LOAD DATA LOCAL INFILE 'seed-data/users.csv'
INTO TABLE users
FIELDS TERMINATED BY ','
ENCLOSED BY '\"'
LINES TERMINATED BY '\n'
IGNORE 1 ROWS;"
SQLite
# Use pre-seeded SQLite database directly
cp seed-data/dev.sqlite ./prisma/dev.db
# Or import SQL
sqlite3 dev.db < seed-data/users.sql
# Import CSV
sqlite3 dev.db <<EOF
.mode csv
.import seed-data/users.csv users
EOF
Download sample SQLite databases with multi-table schemas already populated.
MongoDB
# Import JSON array as collection
mongoimport --db myapp_dev --collection users \
--jsonArray --file seed-data/users.json
# Import CSV
mongoimport --db myapp_dev --collection users \
--type csv --headerline --file seed-data/users.csv
Node.js with Prisma
// prisma/seed.ts
import { PrismaClient } from '@prisma/client';
import users from '../seed-data/users.json';
import products from '../seed-data/products.json';
const prisma = new PrismaClient();
async function seed() {
// Clear existing data
await prisma.user.deleteMany();
await prisma.product.deleteMany();
// Seed users
for (const user of users) {
await prisma.user.create({
data: {
name: user.name,
email: user.email,
age: user.age,
city: user.city,
active: user.active,
},
});
}
// Seed products
for (const product of products) {
await prisma.product.create({
data: {
name: product.name,
price: product.price,
category: product.category,
inStock: product.inStock,
},
});
}
console.log(`Seeded ${users.length} users, ${products.length} products`);
}
seed()
.catch(console.error)
.finally(() => prisma.$disconnect());
Add to package.json:
{
"prisma": {
"seed": "tsx prisma/seed.ts"
}
}
Run: npx prisma db seed
Python with SQLAlchemy
import json
import csv
from sqlalchemy import create_engine, text
engine = create_engine('postgresql://localhost/myapp_dev')
# Seed from JSON
with open('seed-data/users.json') as f:
users = json.load(f)
with engine.begin() as conn:
for user in users:
conn.execute(text("""
INSERT INTO users (name, email, age, city, active)

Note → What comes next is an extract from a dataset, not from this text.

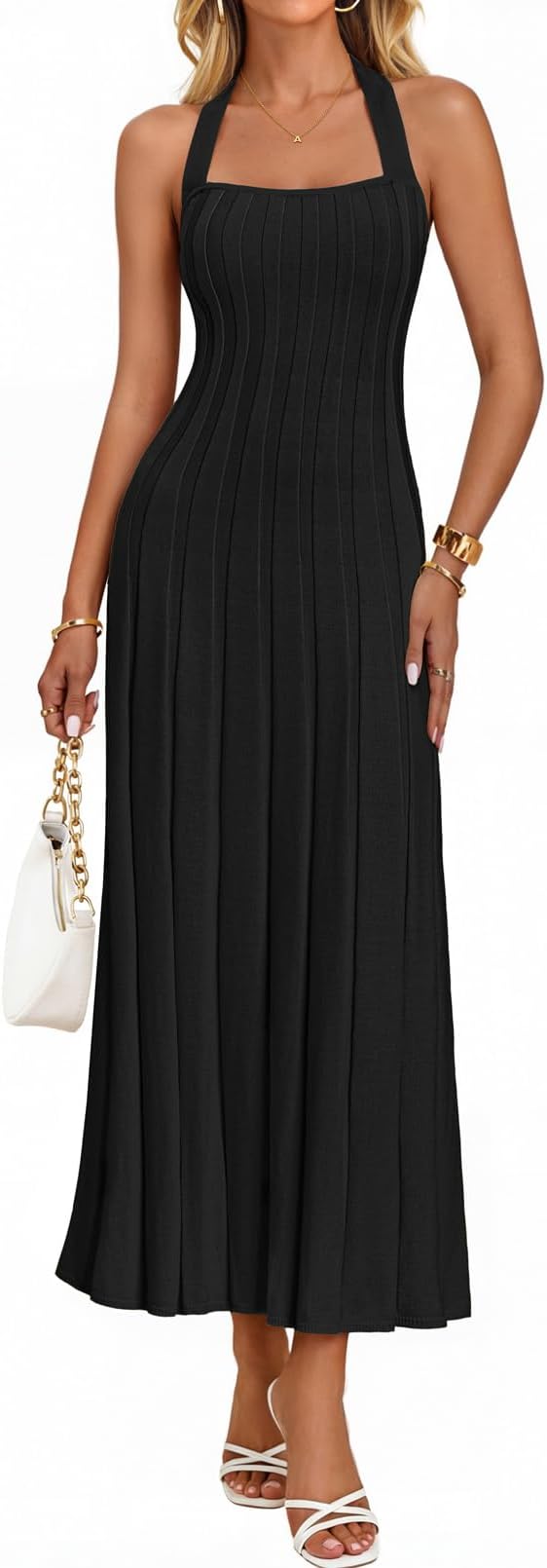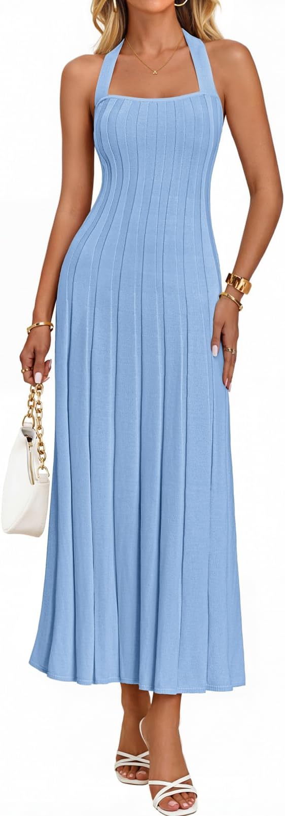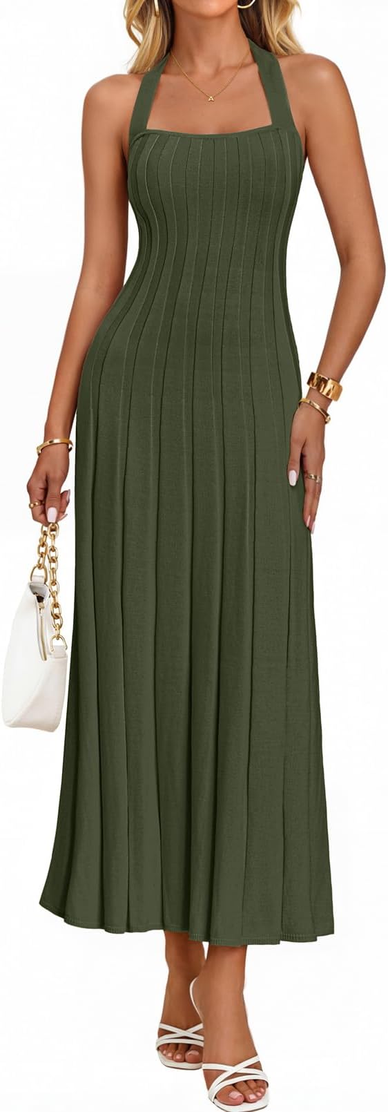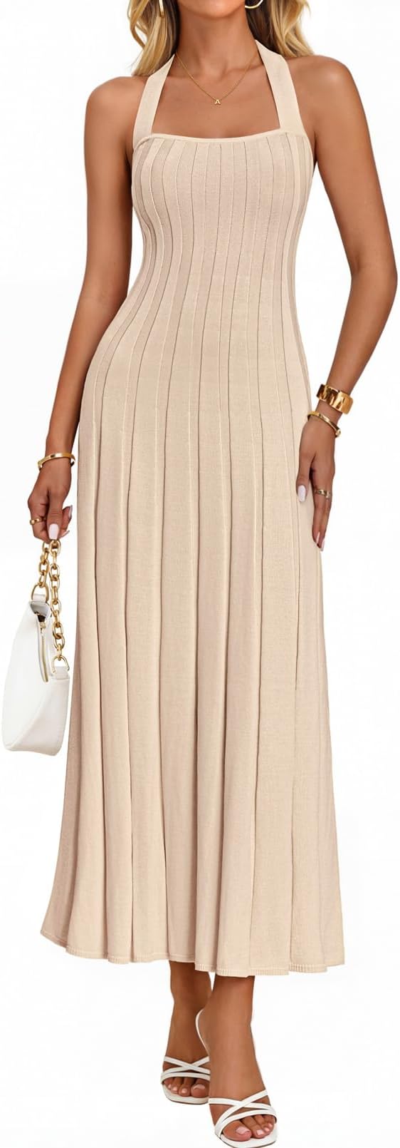MEROKEETY Women's 2026 Spring Halter Bodycon Midi Dress Casual Summer Sleeveless Elegant Ribbed Knit Sweater Dresses

VALUES (:name, :email, :age, :city, :active)
"""), user)
print(f"Seeded {len(users)} users")
CI/CD Integration
Add seeding to your test pipeline:
# .github/workflows/test.yml
- name: Download seed data
run: |
mkdir -p seed-data
curl -sL -o seed-data/users.json https://cdn.truefilesize.com/json/sample-users.json
curl -sL -o seed-data/products.json https://cdn.truefilesize.com/json/sample-products.json
- name: Seed database
run: npx prisma db seed
- name: Run tests
run: npm test
See our full CI/CD guide for caching and parallel jobs.
Sample Data Available
| Data Type | File | Records | Size | |-----------|------|---------|------| | Users (JSON) | sample-users.json | 500 | 77 KB | | Products (JSON) | sample-products.json | 500 | 111 KB | | Users (CSV) | sample-users.csv | 1,000+ | 50 KB | | SQL Dump | sample-users.sql | Various | 50 KB | | SQLite (pre-seeded) | sample-1mb.sqlite | 500+ | 1 MB | | Large dataset | sample-10000-records.json | 10,000 | 1.5 MB |
All data is generated with faker.js — realistic names, emails, cities, and dates. No real personal information.